I made some creamed honey today. I used about 13% seed. Within an hour my honey had turned pure white. This really surprised me, is this how it always goes? I made some about 10 years ago and it seemed like it took weeks to turn pure white. I am mixing it for 15 minutes then an hour rest then mix 15 min, hour rest...
It's still soft, only slightly thicker than honey but pure white. Ambient temp about 65-70 F. Slowest setting on Kitchen Aid mixer.


----------



## crofter (May 5, 2011)

calkal said:


> I made some creamed honey today. I used about 13% seed. Within an hour my honey had turned pure white. This really surprised me, is this how it always goes? I made some about 10 years ago and it seemed like it took weeks to turn pure white. I am mixing it for 15 minutes then an hour rest then mix 15 min, hour rest...
> It's still soft, only slightly thicker than honey but pure white. Ambient temp about 65-70 F. Slowest setting on Kitchen Aid mixer.

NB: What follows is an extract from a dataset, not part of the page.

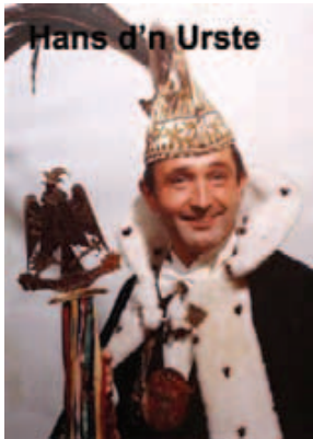
Hans d'n Urste

Dont let it get any higher temperature or you risk losing the identity of your fine grained starter. 57 F. is the theoretical magic number. After it has well set you can store it at normal room temp.


----------



## Jack Grimshaw (Feb 10, 2001)

What kind of mixer blade did you use.
I wonder if you may have whipped (added air to) the honey.
I don't see how you could have granulation (per Dyce method) in that short of time at that temperature.
Let us know if it separates after a few days.


----------



## calkal (Feb 2, 2019)

Jack Grimshaw said:


> What kind of mixer blade did you use.
> I wonder if you may have whipped (added air to) the honey.
> I don't see how you could have granulation (per Dyce method) in that short of time at that temperature.
> Let us know if it separates after a few days.


Me either, really surprised me to see it go opaque white in less than an hour.
Cookie dough paddle, not whip, slowest setting on Kitchen Aid mixer.


----------